Town hall meeting incorporates student concerns
By ERIN LaRUFFA
Associate News Editor
Drawing a group of 17 students, the office of the student body president held its first town hall meeting Tuesday night to discuss freshman orientation and football ticket distribution.
The office of the president will be holding similar meetings throughout the year to seek input from students.
"We know we were elected to represent the student body, and it's hard to know what each individual is thinking," said student body president Brooke Norton. "We really wanted to have feedback from students."
One student in the audience, Susan Palladino, suggested incorporating a service activity into freshman orientation.
"It's a non-threatening way for students to get together," she said.
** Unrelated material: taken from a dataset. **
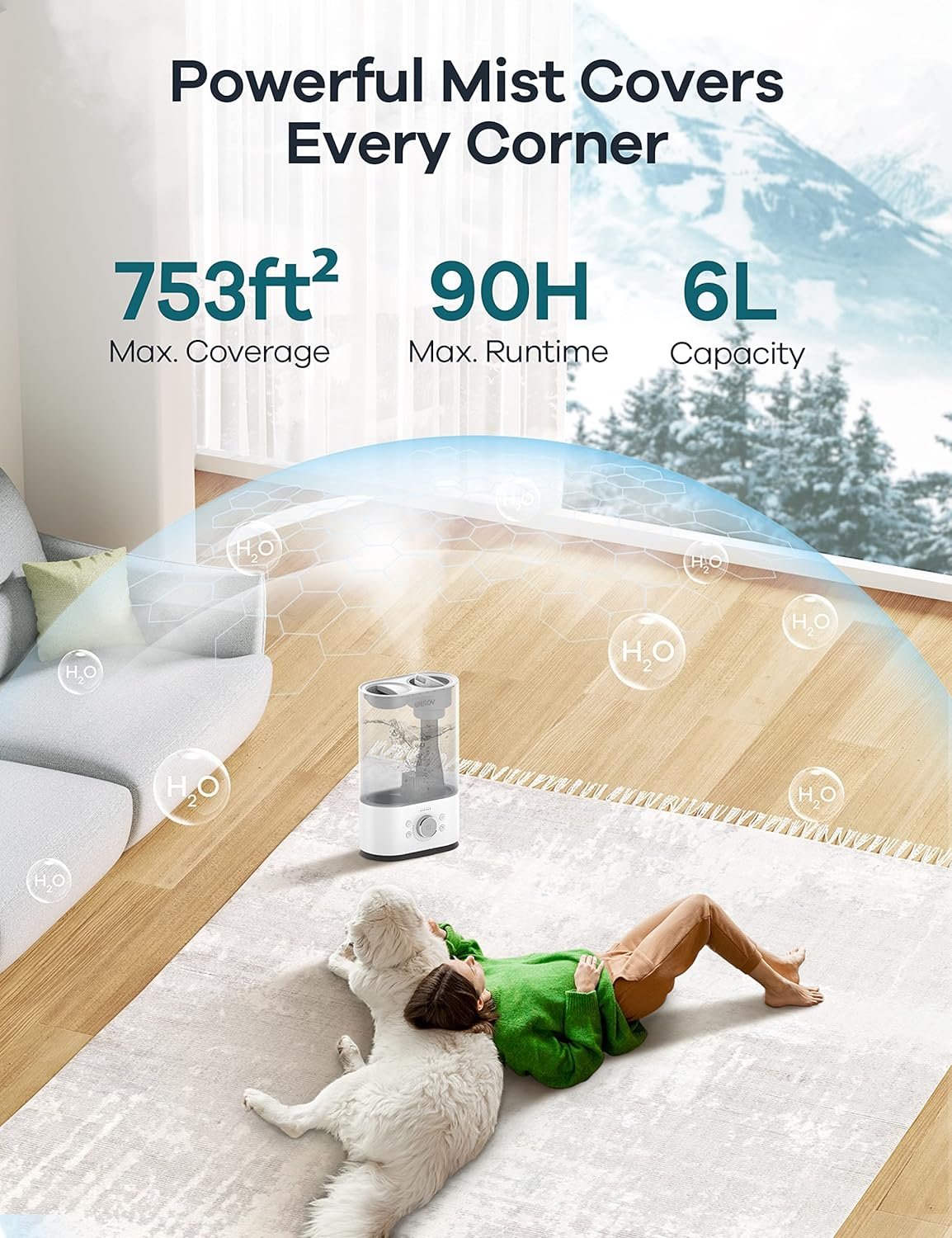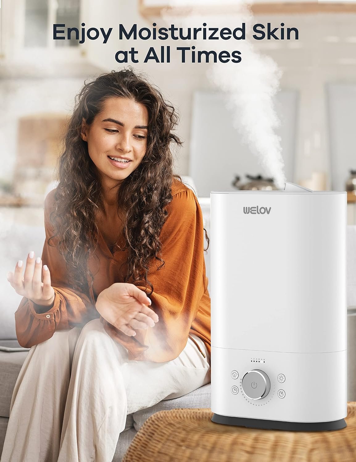 ๐๐ง๐๐ ๐๐๐๐ข๐ฅ๐ฅ, ๐๐จ๐ข๐ฌ๐ญ ๐๐ฅ๐ฅ ๐๐๐ฒ: WELOV’s humidifier comes with a large 6L capacity, it can last for up to 25-90 hours and fully humidify a room as big as 753 sq. ft, so you can keep the humidifier on all day long when the air feels extra dry. Its output is adjustable, so you can crank it up to maximum or down to minimum as often as you see fit. You can also adjust the direction of the mist โ which reaches an impressive height of 43.3 inches.

As an example, Palladino said a brother and sister dorm could do a three-hour service project during orientation weekend.
Student government is currently looking into incorporating service into freshman orientation, according to Norton.
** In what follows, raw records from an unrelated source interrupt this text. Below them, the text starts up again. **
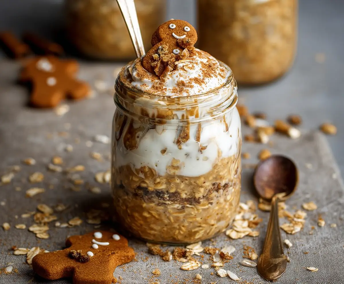 Start your day off right with these Gingerbread Overnight Oats—simple, quick, and full of holiday cheer! 🎄🥄
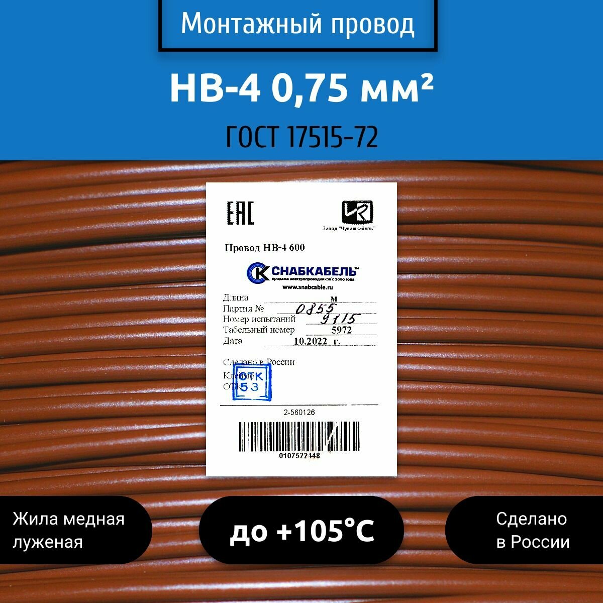 Электрический провод НВ 1,00мм2 4х600В 100 м коричневый на катушке 4 269 ₽
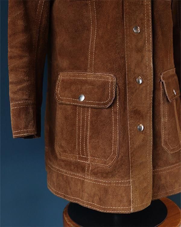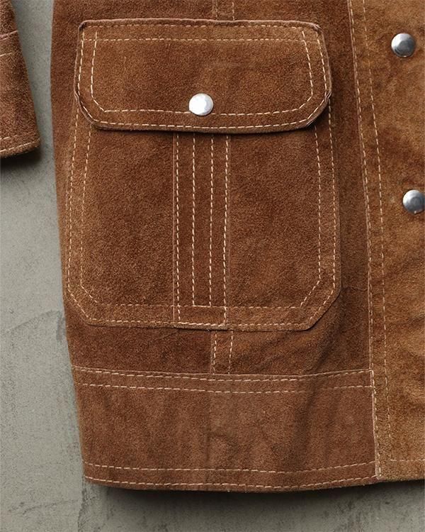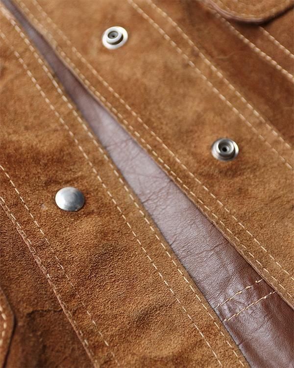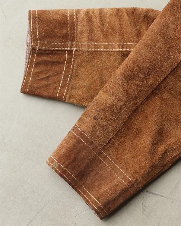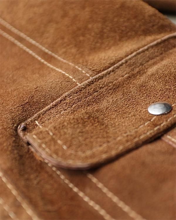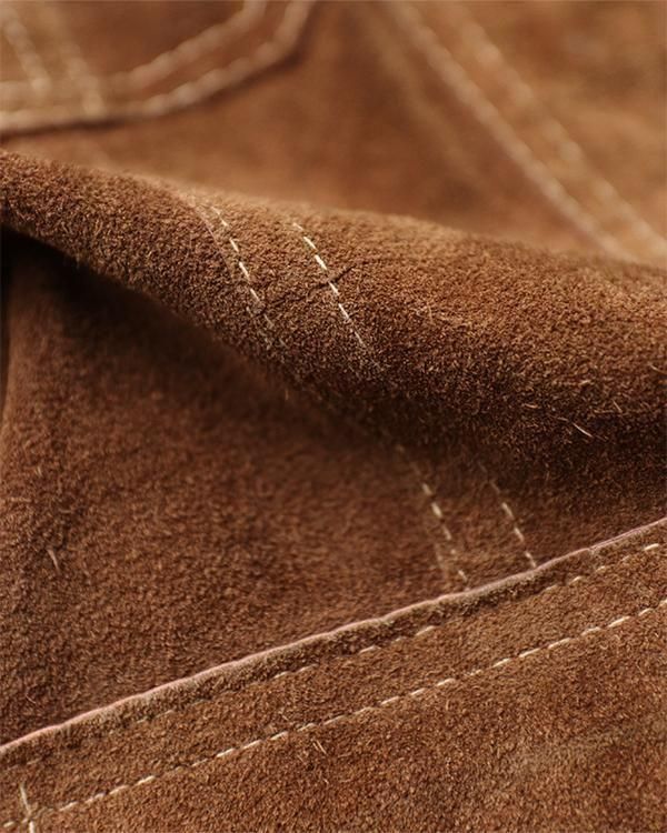 表は柔らかなスエード生地、裏返すと上質なレザー生地として着用できるリバーシブル仕様。
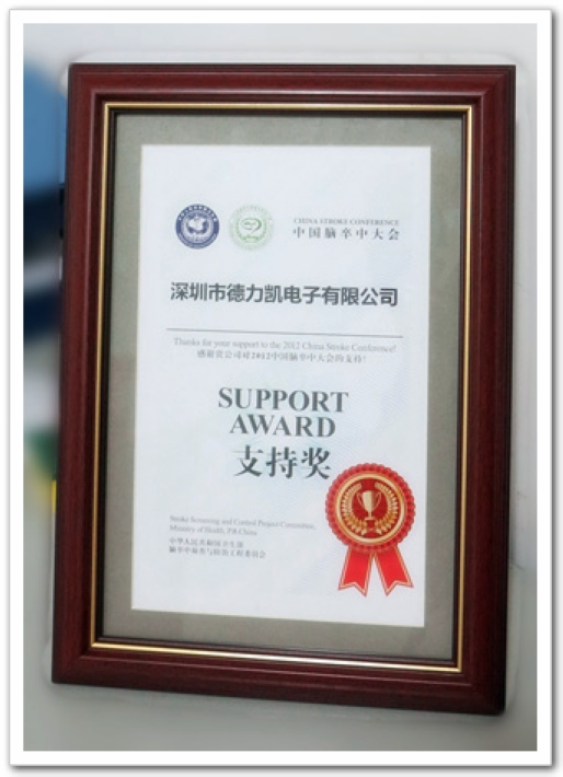 大會(huì)同期表彰了在2011—2012年度中為“腦卒中篩查及防治工程”的推動(dòng)做出杰出貢獻(xiàn)的相關(guān)企業(yè)。深圳市德力凱電子有限公司等十三家企業(yè)獲得衛(wèi)生部“腦防委”表彰,并頒發(fā)“支持獎(jiǎng)”獎(jiǎng)牌。

Junior Andrew Deberry suggested freshmen might prefer events that involved actually talking to other freshmen, instead of quickly meeting multiple people.
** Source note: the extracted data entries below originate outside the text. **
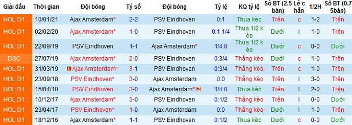 + Lịch sử đối đầu Ajax vs PSV Eindhoven
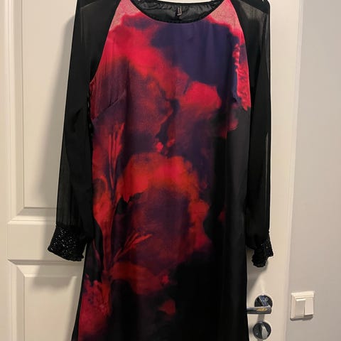 Lyhyet hihat, takana vetoketju, hyvin istuva, kaunislinjainen mekko
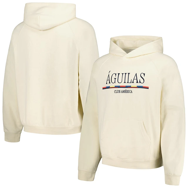 Men's Cream Club America Team Stripe Oversized Pullover Hoodie
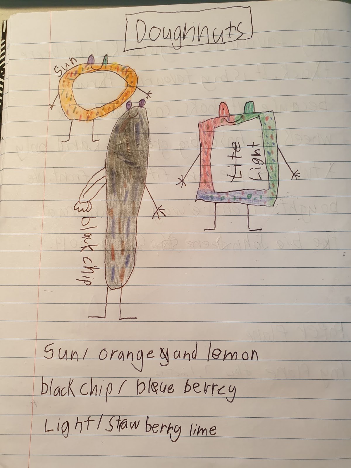 Finn's favourite toy writing and doughnut creations
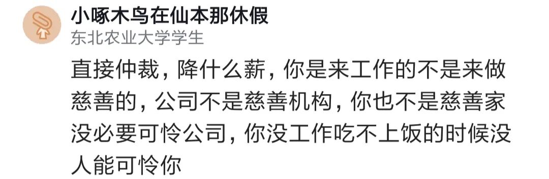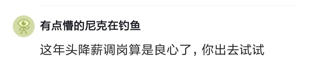 特殊时期,有些东西是会站在企业这边的,大家都不好了,你让企业怎么办。降薪和转岗意味着还有工作,这个环境不裁你,就很友好了。有个朋友谈的工资不错,但转正降了好多,不接受也不行,外面根本没机会。失业跟降薪调岗比,哪个更重要?只能说你不满意,就去市场看看。
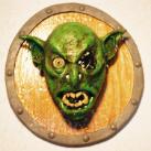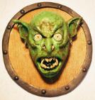 Mounted on a 19" x 16" wooden, circular dwarven shield, these orc hedz scream ferocity. The 14" x 13" head itself is
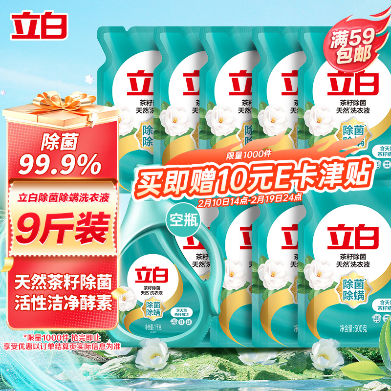 自营立白天然茶籽洗衣液 9斤 除菌除螨抑菌 手洗机洗 祛味去渍 全袋装
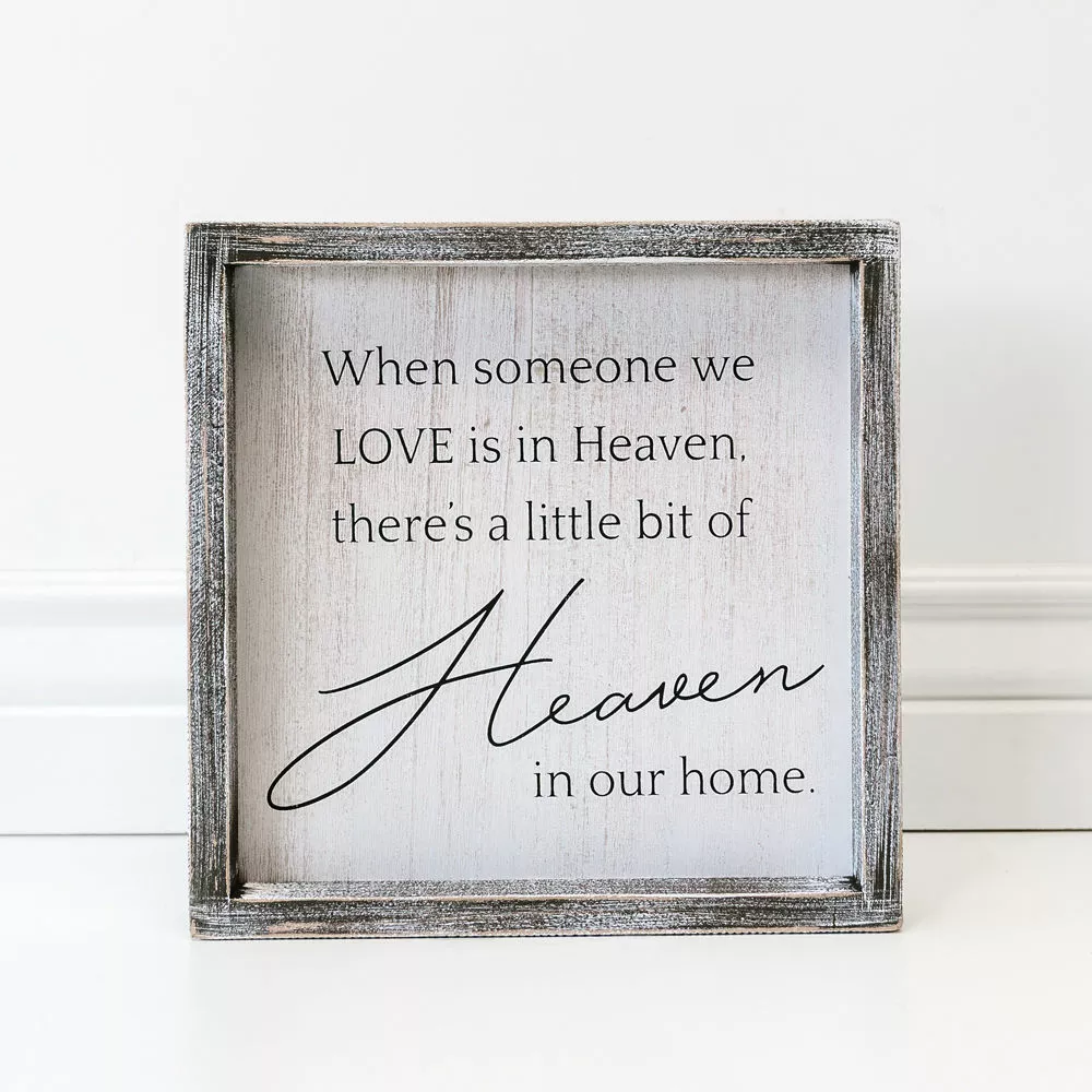 This wood-framed sign which boldly displays “When Someone We Love Is In Heaven, There’s A Little Bit Of Heaven In Our Home.” in distressed white and black colors. It makes the perfect gift for someone who is greiving the loss of a loved one.
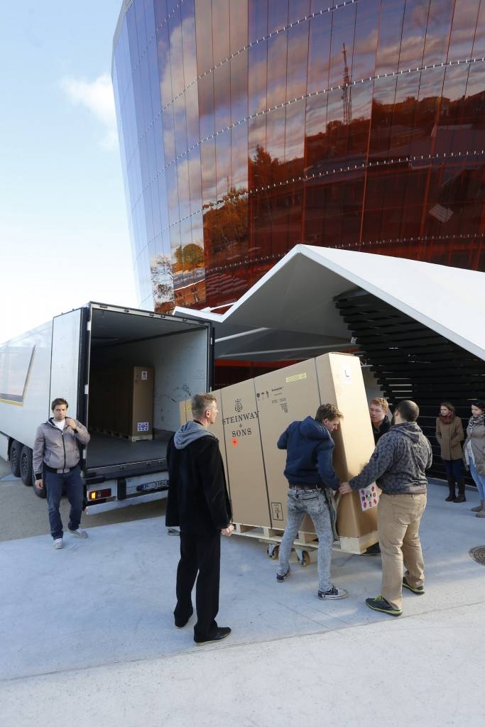 Pirmdien, 26.oktobrī, koncertzālē “Lielais dzintars” svinīgi tika saņemti no Hamburgas atvestie divi augstas klases koncertflīģeļi, kas iegādāti ar Liepājas pilsētas Domes atbalstu.
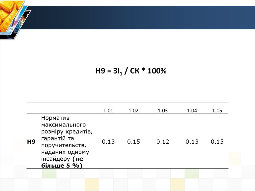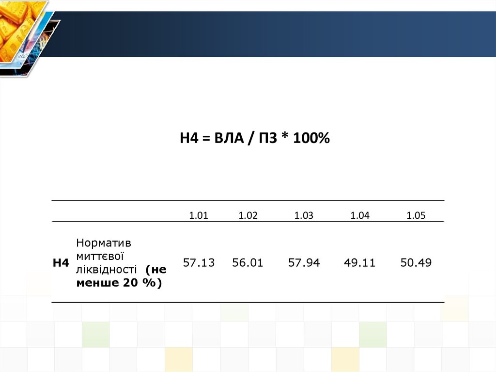 Н5 = активи з кінцевим строком погашення до 31 дня /зобов'язання з кінцевим строком погашення до 31 дня* 100%
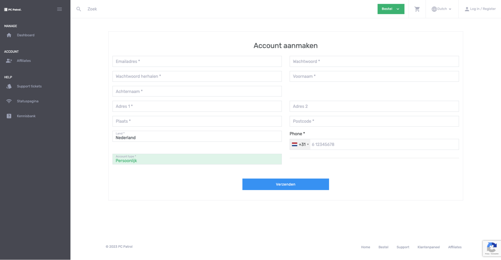 Nadat u het formulier volledig heeft ingevuld en op Verzenden heeft geklikt, wordt uw account aangemaakt. U kunt vervolgens direct inloggen met de door u ingestelde inloggegevens.

Other members of the audience expressed concern that many activities involve an entire male dorm and an entire female dorm doing something together. Male dorms should also plan events with other male dorms, and female dorms with other female dorms, according to senior Tyler Jackson. He explained that the way orientation is currently set up, students only meet students of the same gender who live in their dorm.
"I don't think you get the friendships you could get," Jackson said.
Sophomore Kevin Wolf said the problems with freshman orientation could stem from each dorm planning its own events independently.
"It depends so much on what your dorm orientation commissioner and your rector decide on," he said, added that freshmen in different dorms are "on unequal ground" as a result.
Students at the town hall meeting also discussed possible changes to football ticket distribution.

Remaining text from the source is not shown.